Начало конца - Марк Алданов
Шрифт:
Интервал:
Закладка:
Он радостно представил себе, как остолбенеет Вермандуа, прочитав в газете об убийстве: «Его секретарь! Господи, его секретарь – и такое дело!..» «Особенно он будет в ужасе от того, что надо будет давать показания, сначала следователю, потом на суде: какая скука, какая потеря времени! А журналисты! Ведь они явятся за интервью, набросятся, как коршуны, им за это платят франк за строчку: одно хорошее, приличное убийство – и можно жить припеваючи две недели! Впрочем, интервью, даже по такому делу, это тоже реклама, а плохой рекламы нет… Потом ему придет в голову, что ведь я с такой же легкостью мог бы убить его самого, он затрясется, вспотеет и похолодеет от ужаса. И я в самом деле мог бы убить этого пошлого маньяка. Но тогда на меня сразу пали бы подозрения: я единственный бедный человек, бывающий в его доме: Вермандуа коммунист или что-то в этом роде, но бедных знакомых он терпеть не может. Притом убийцу великого писателя полиция разыскивала бы получше. Зато если убить его, то можно надеяться на место в истории литературы. Кажется, такого случая не было? Да и ему, собственно, только это и могло бы обеспечить славу: его нынешнее бессмертие будет продолжаться ровно год, до приема в Академию его преемника. И сейчас уже никто его не читает: он уже, слава богу, тридцать лет «cher maître». Но когда он немного успокоится, то проявит великодушие и даже подыщет мне защитника, среднего, не очень дорогого. Впрочем, по его приглашению пойдет бесплатно и самый дорогой, им тоже нужна реклама… Быть может, он даже раз навестит меня в тюрьме и принесет четверть фунта ветчины… Нет, в тюрьму он не пойдет, скучно. Но на суд явится непременно и произнесет слезливое слово – что-нибудь о современной молодежи, о потере идеалов. Каждая газета напечатает строк по двадцать, этим тоже пренебрегать нельзя: будет «1е grand écrivain», «le célèbre écrivain», «l’illustre écrivain»[64]. Присяжные растроганно его выслушают, затем вынесут вердикт без смягчающих обстоятельств, прежде всего потому, что кража, я мог, значит, обокрасть и их, и еще потому, что я «sale étranger», «un de ces étrangers indésirables qui viennent chez nous et qui…»[65].

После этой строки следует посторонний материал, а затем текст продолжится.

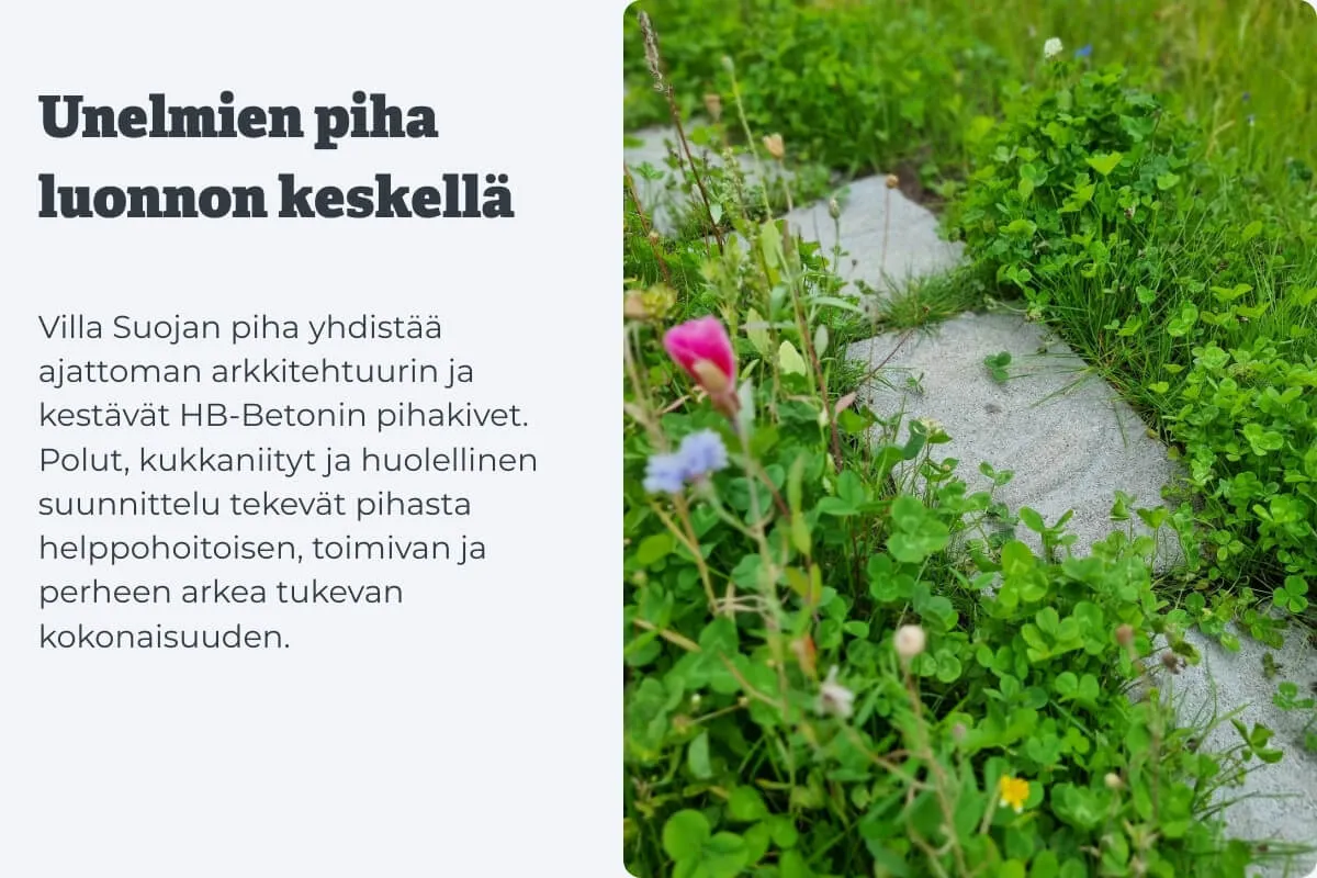 Sisäänkäynnin pihakivituotteet ja polkujen kalliokivet istuvat täydellisesti talon arkkitehtuuriin ja luovat yhtenäisen ilmeen. "Betonikivet antavat luonnollisen ja aidon tuntuman", perhe toteaa. Lopputuloksena on rauhallinen, käytännöllinen ja ajaton piha, joka tukee sujuvaa arkea, kutsuu viihtymään ja mahdollistaa perheen elämän luonnon keskellä.

До поезда оставалось семь минут: все-таки рано! Альвера остановился перед другой афишей, старой, полуистлевшей. Местный отдел коммунистической партии приглашал всех явиться на митинг: «Pour (дальше было стерто)…liberté! Pour …blique des Soviets en France!»[66] Альвера прочел афишу с отвращением: он терпеть не мог коммунистов.
Показался невысокий желто-серый вокзал. Через площадь поспешно проходили люди. «В толпе никто заметить не может… Хоть нечего замечать, да пока и ни к чему… Смотрите сколько вам угодно…» Билета никто не спросил: контроля у входа не было. «Хороши порядки!..» Стал соображать, может ли при таких условиях недобросовестный пассажир обмануть железнодорожное ведомство. «В Париже при выходе спросят билет, но ведь я мог бы выйти из поезда на последней станции перед Парижем и купить там, так обошлось бы значительно дешевле. Неужели они об этом не подумали? Этакие кретины!»

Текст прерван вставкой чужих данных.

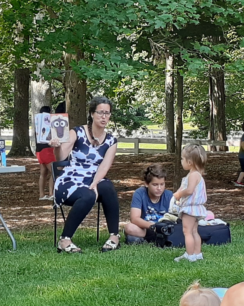 Kirsti Call’s books have a focus on farm animals. For example, Mootilda’s Bad Mood, Cow Says Meow and Cold Turkey star cows and turkeys. For this event, I coordinated with a local park which has farm animals. We held the event there, under some beautiful shade trees. Kirsti read her funny stories while her son accompanied her with animal puppets and her daughter played guitar. She read her books aloud, and we all made farm animal sounds! A crowd of preschoolers and their parents all sang along. After reading, she invited the kids to come to her table for a free sticker, which is a great idea. Even those who are on a tight budget can enjoy the program and walk away with a sticker and some great memories. Kirsti then signed books for those who were interested, chatting with the audience and making great connections. Kids could then enjoy the rest of their morning at the park, having a picnic or meeting the animals.

Он прошелся по перрону, все с тем же напряженным любопытством читая надписи. «Электрический рельс на пути заряжен…» «Да, ведь дорога электрическая. Если стать ногой на эту штуку, а другой на тот рельс, то конец. Легкий? Тот же электрический стул… На долю ни в чем не виновных людей очень часто выпадает худшая насильственная смерть, чем на долю так называемых преступников…» Он задумался, что хуже: электрический стул или гильотина? «В Синг-Синге, говорят, это длится несколько минут. Но когда падает, например, аэроплан, летчики тоже горят минуты две-три. А от какого-нибудь рака языка люди в мучениях умирают годами…» Ему вспомнилось что-то неприятное: «Да, да, le kératite interstitiel, l’hépatite diffuse, les convulsions épileptiformes, le retrécissement mitral…»[67] «Верно, и этот выродок с тиком, без моей помощи, умер бы от какой-либо гнусной мучительной болезни… Если будет погоня, можно будет вскочить на этот рельс. И тогда любезно протянуть им руку, пусть одним мерзавцем будет на свете меньше».
Нервно зевая, он прошел до конца перрона, повернул назад, остановился перед огромным градусником, наверху которого красный и белый человечки с необыкновенно веселым видом несли какую-то бутылку. «Сен-Рафаэль Кэнкина». «Кажется, никогда не пил или, по крайней мере, не помню вкуса… Вообще мало пил: «Jeunesse saine, joyeuse…» – какое было третье слово?» Но третьего слова, к своему беспокойству, вспомнить не мог.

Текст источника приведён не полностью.